__Your goal__:
Nothing but the lines below from the one holding "痞帅高级感休闲男装 美式 男夏季 衬衫 古巴领衬衣 黑色肌理感提花短袖" up to and including the one holding "第12块土地的土地面积为15" should be copied, exactly and without pictures.
++++ Provided entries ++++
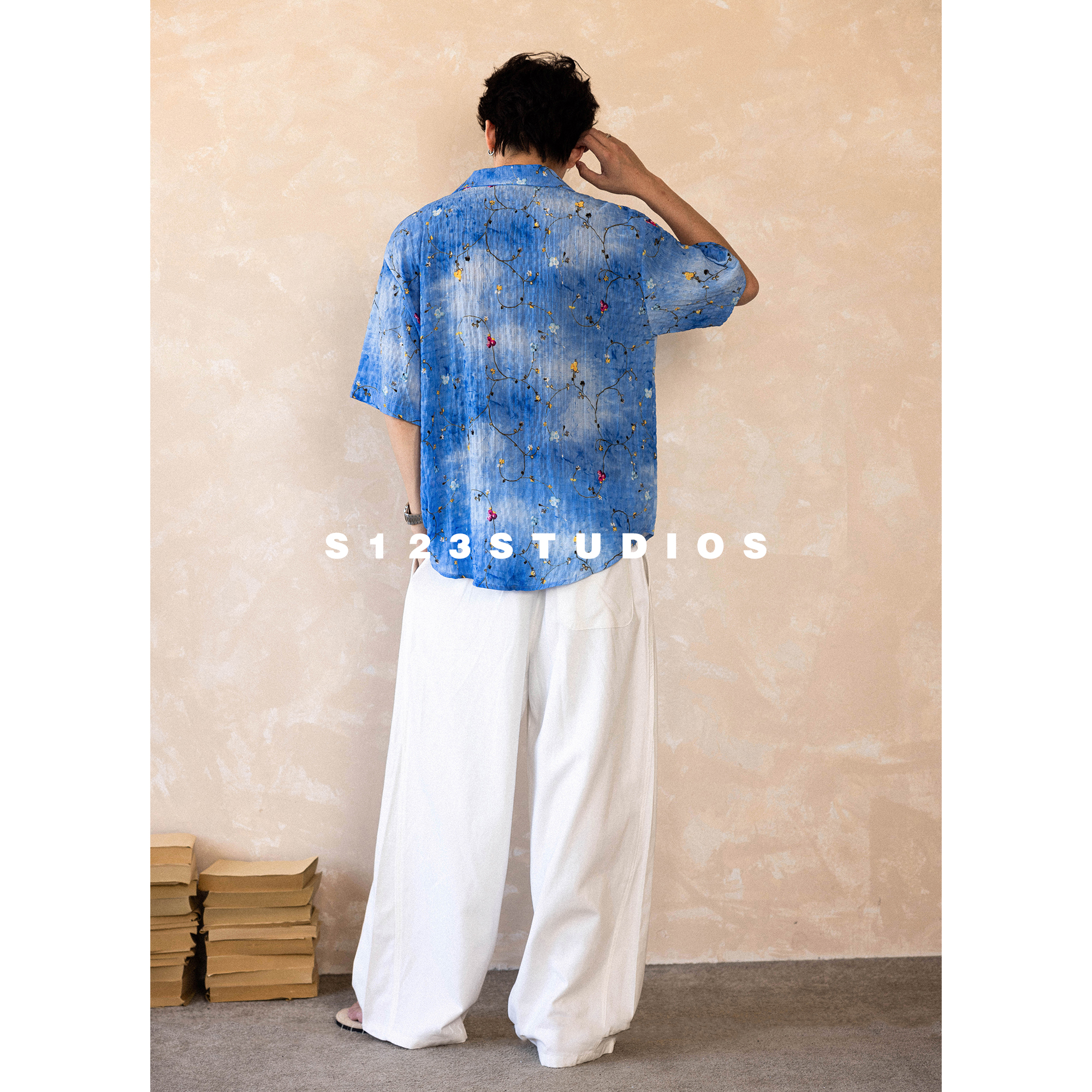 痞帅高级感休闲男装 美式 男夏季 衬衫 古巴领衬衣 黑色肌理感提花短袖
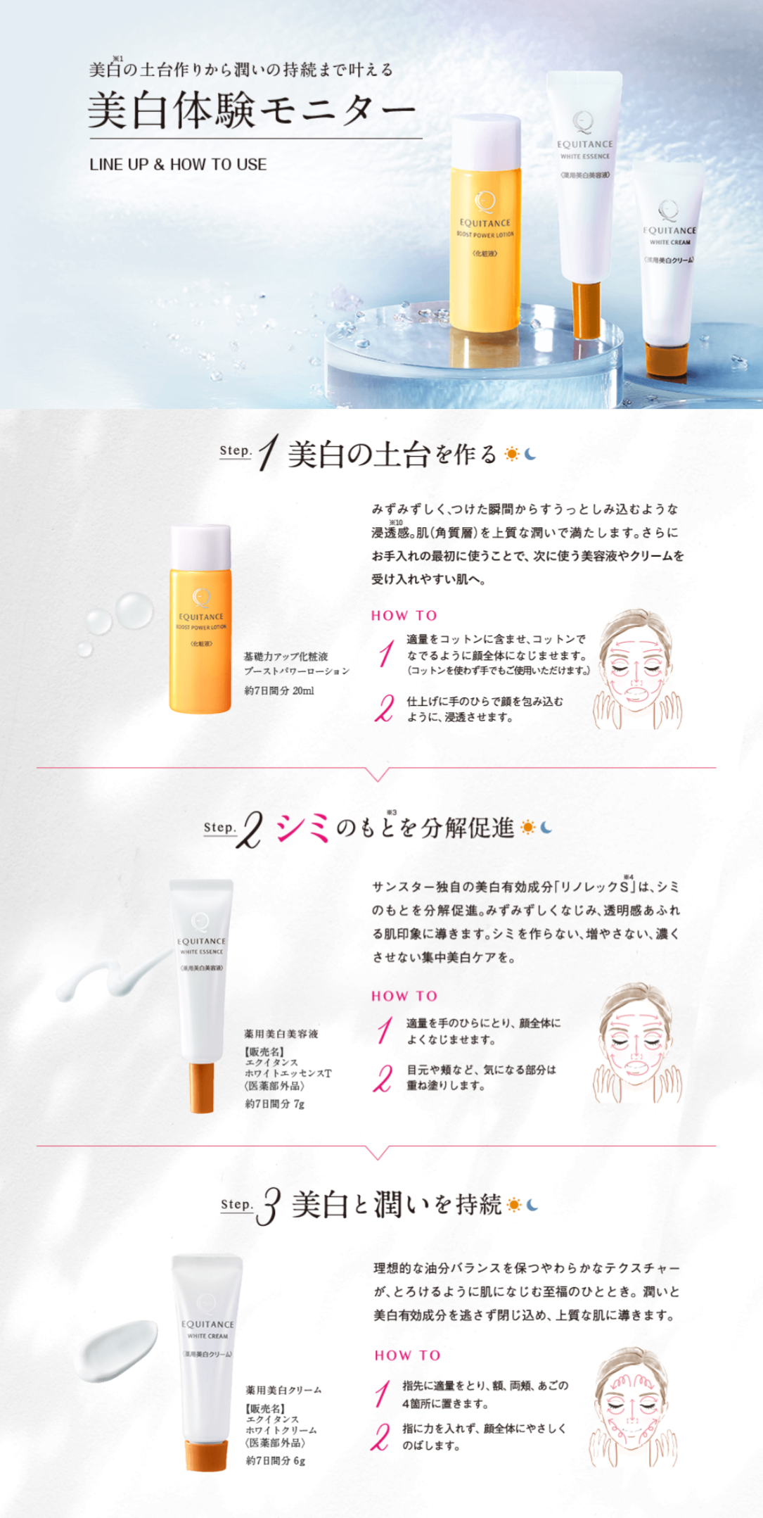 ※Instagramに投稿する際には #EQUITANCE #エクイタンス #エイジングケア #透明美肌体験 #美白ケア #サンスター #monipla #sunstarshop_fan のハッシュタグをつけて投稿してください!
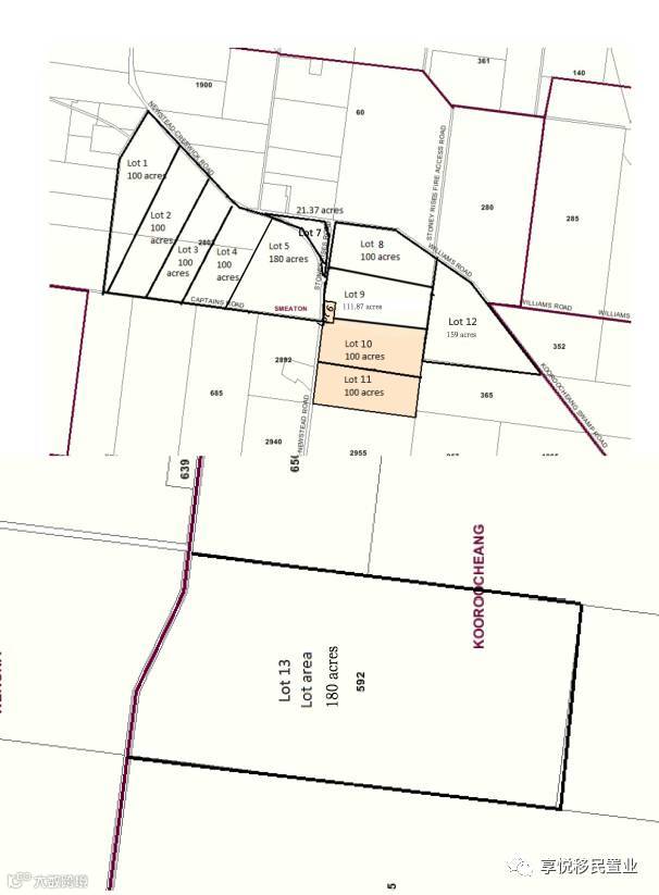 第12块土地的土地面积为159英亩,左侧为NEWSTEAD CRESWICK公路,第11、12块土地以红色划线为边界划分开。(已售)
++++
++++ Provided entries ++++
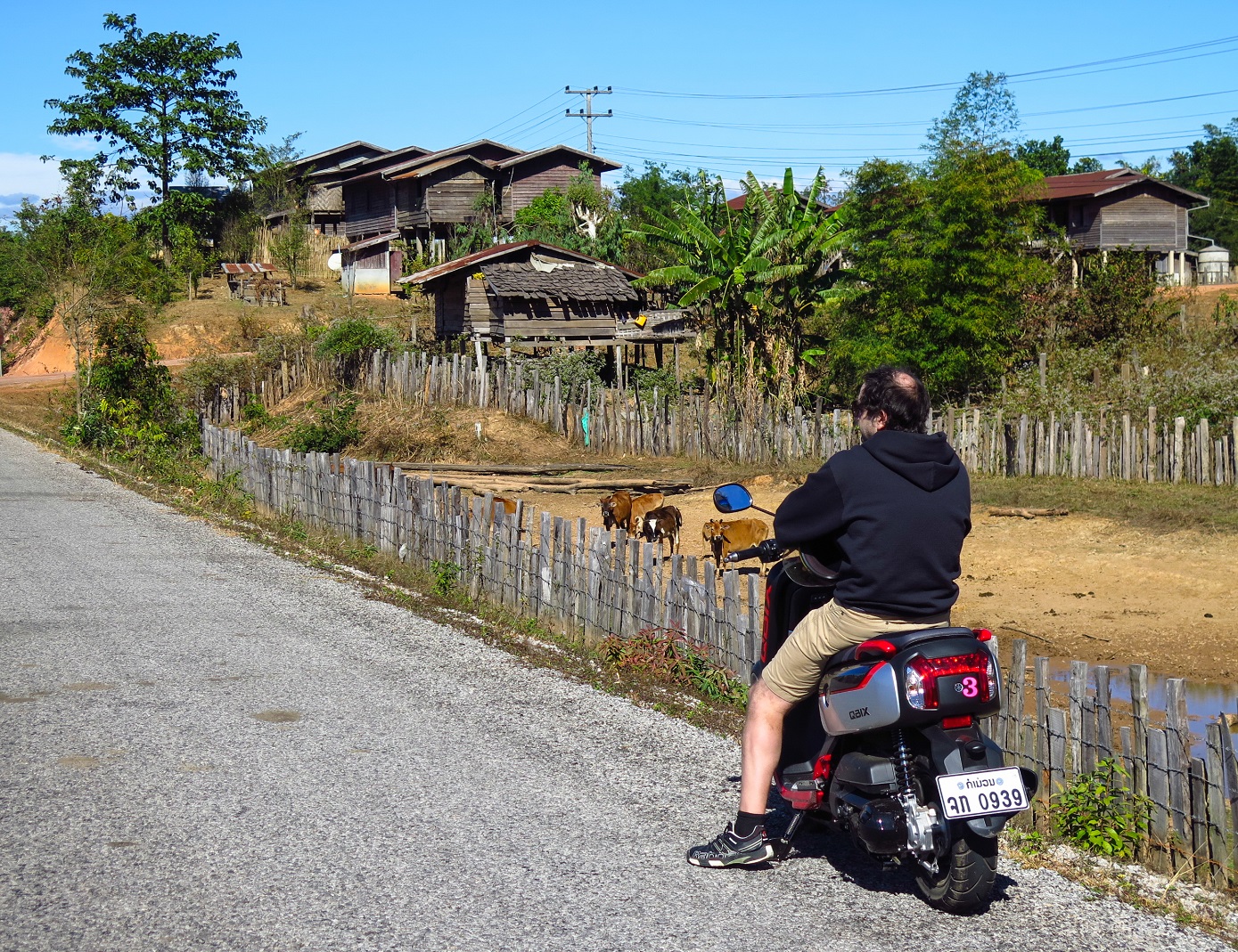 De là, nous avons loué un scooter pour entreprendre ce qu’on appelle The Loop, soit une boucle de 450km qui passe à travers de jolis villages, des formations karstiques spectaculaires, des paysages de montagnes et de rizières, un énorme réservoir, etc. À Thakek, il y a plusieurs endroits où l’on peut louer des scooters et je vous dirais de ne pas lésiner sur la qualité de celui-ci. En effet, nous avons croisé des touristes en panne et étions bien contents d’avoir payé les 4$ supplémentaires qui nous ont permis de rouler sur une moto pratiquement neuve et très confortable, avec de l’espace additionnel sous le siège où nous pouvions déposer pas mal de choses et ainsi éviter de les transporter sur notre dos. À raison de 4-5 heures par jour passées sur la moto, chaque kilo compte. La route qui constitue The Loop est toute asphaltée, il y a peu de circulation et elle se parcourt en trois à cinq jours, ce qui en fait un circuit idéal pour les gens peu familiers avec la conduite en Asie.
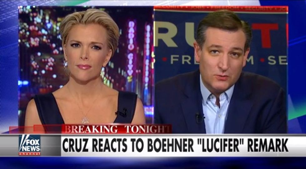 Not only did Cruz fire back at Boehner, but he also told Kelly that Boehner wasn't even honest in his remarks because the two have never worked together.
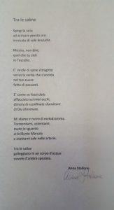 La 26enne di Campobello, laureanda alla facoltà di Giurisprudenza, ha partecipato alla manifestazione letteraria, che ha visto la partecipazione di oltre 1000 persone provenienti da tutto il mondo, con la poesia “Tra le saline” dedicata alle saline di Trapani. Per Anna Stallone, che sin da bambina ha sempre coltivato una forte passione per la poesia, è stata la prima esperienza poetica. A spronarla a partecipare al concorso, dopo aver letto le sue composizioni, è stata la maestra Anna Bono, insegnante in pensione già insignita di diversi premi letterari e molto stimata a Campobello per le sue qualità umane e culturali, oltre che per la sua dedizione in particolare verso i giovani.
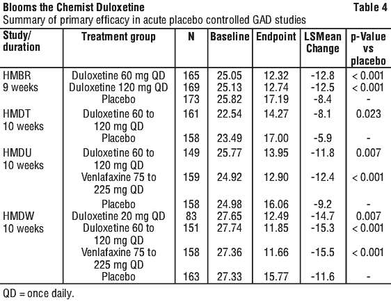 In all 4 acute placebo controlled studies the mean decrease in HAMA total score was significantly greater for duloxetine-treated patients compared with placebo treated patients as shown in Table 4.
++++
++++ Provided entries ++++
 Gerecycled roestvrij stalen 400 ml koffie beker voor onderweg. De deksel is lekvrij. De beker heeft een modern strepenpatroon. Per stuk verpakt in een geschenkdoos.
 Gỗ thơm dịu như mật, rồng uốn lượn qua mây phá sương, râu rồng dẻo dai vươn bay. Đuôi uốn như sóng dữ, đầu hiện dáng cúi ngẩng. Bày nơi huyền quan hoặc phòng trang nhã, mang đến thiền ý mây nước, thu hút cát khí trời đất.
++++
__Response below__:
 痞帅高级感休闲男装 美式 男夏季 衬衫 古巴领衬衣 黑色肌理感提花短袖
 ※Instagramに投稿する際には #EQUITANCE #エクイタンス #エイジングケア #透明美肌体験 #美白ケア #サンスター #monipla #sunstarshop_fan のハッシュタグをつけて投稿してください!
 第12块土地的土地面积为159英亩,左侧为NEWSTEAD CRESWICK公路,第11、12块土地以红色划线为边界划分开。(已售)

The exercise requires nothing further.